Friday, October 23, 2009

Family Affair

posted Thu, 21 Oct 2004

My brother, who has read this site only twice (that is two times, yes, one, two) emailed me to ask, “Ok this update. I was just reviewing your blog with my friend Gregg (yes, another Greg). We searched for Greg and Brother to little avail. Gregg doesn't understand why there is no dirt on me.”

Well, if he – my brother Greg who has read this site only twice – would actually read the blog instead of just searching on a few terms, he would see that I have referred to him many times. But as he has only been to the site twice, I guess he wouldn’t have seen those many references.

At least he has been to the site. My sister Jenny, with whom all of you dear readers are well acquainted, has never been here. Never.

My mother reads the site every day. My cousin Suzanne, whom I have never met (she is actually the daughter of my mother’s cousin, so this is not as weird as it sounds), reads the site almost every day.

But my own brother and sister are not avid readers. If they had blogs, I would read them every day. Maybe even more than once a day. But I am just a better sibling, I guess. It’s always been that way.

Greg wants to know why I don’t write about him. So I will tell you about my brother.

Greg is 39 years old. He will be 40 in four weeks. He is 13 months younger than I. That’s why I am the way I am, my mother hypothesized once. The way I am? I asked. Oh, you know – that you probably didn’t get enough attention as a baby.

My mother was barely 20 when she had me. She had horrible morning sickness her entire pregnancy, then got pregnant again right away with my brother and had morning sickness with him. She was living far from home and family and friends and all of a sudden found herself with two little babies with no one to help her.

I would have felt like crap, too.

A few years ago, my brother (who has only read this site twice) and sister (who has never read this site) were visiting me. Greg announced, with horror, “Do you realize that mom and dad had been married only eight and a half months when you were born?” (meaning me).

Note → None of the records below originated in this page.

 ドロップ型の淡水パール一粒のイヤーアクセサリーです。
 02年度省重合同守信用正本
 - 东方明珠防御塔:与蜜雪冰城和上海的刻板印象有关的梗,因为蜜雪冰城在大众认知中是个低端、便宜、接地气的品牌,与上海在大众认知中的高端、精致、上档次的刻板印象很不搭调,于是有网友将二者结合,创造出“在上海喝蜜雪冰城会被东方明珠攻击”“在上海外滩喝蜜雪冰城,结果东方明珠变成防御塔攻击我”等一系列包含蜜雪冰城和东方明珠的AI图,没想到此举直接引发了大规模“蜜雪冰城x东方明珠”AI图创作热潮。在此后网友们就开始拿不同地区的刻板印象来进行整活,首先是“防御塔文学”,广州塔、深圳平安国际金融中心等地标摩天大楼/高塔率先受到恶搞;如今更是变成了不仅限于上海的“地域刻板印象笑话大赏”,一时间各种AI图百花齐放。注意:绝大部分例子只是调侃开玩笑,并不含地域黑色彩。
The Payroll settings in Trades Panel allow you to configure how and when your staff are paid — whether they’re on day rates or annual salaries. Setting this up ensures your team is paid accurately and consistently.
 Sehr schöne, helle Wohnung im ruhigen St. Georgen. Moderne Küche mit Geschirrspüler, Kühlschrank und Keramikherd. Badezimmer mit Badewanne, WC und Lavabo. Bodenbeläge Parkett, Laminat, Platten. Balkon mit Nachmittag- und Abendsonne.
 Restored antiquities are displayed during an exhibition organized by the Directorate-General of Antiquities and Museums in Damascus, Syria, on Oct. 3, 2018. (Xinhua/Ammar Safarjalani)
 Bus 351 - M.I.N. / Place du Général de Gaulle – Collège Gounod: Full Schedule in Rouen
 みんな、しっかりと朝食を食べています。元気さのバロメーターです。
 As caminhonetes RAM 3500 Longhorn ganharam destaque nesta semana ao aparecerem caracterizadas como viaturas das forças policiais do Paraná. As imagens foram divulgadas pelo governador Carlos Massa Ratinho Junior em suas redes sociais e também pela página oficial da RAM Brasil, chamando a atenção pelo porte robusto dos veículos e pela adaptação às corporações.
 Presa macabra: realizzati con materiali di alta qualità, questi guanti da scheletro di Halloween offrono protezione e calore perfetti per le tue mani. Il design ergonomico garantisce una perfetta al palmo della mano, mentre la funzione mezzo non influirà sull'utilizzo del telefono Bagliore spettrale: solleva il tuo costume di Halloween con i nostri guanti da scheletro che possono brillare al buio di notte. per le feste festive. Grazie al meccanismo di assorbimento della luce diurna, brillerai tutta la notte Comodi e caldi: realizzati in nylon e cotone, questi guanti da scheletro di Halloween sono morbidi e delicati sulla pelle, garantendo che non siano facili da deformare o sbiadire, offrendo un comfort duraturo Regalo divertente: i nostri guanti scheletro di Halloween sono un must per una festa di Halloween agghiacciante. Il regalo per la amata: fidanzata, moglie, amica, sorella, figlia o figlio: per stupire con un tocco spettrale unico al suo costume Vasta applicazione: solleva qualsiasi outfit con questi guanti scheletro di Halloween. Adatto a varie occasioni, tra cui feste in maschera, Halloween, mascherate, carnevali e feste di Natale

Jenny and I shrugged. “So?”

He sputtered. “Well, you know what that means!”


His face turned red. “You know! That mom was pregnant before they got married!”

“Big deal.” Jenny and I both returned to our books.

“But – but – that means they had to get married!”

My brother was quite upset about this. Jenny and I had to explain to him that full-blown weddings with dresses, bridesmaids, and churches are usually not thrown together in two weeks. And then we reminded him that dad had proposed to mom in June – they had married in February – at the Tombstone Tavern after their third date.

“Well, then,” he said darkly, “that still means they – you know – did it before they were married.”

My sister, a neo-natal nurse practitioner, put down her book. “First of all, no it doesn’t. Gestation times aren’t precise. Second, even if they did, so what? Why do you care? It’s none of your business. Sheesh.”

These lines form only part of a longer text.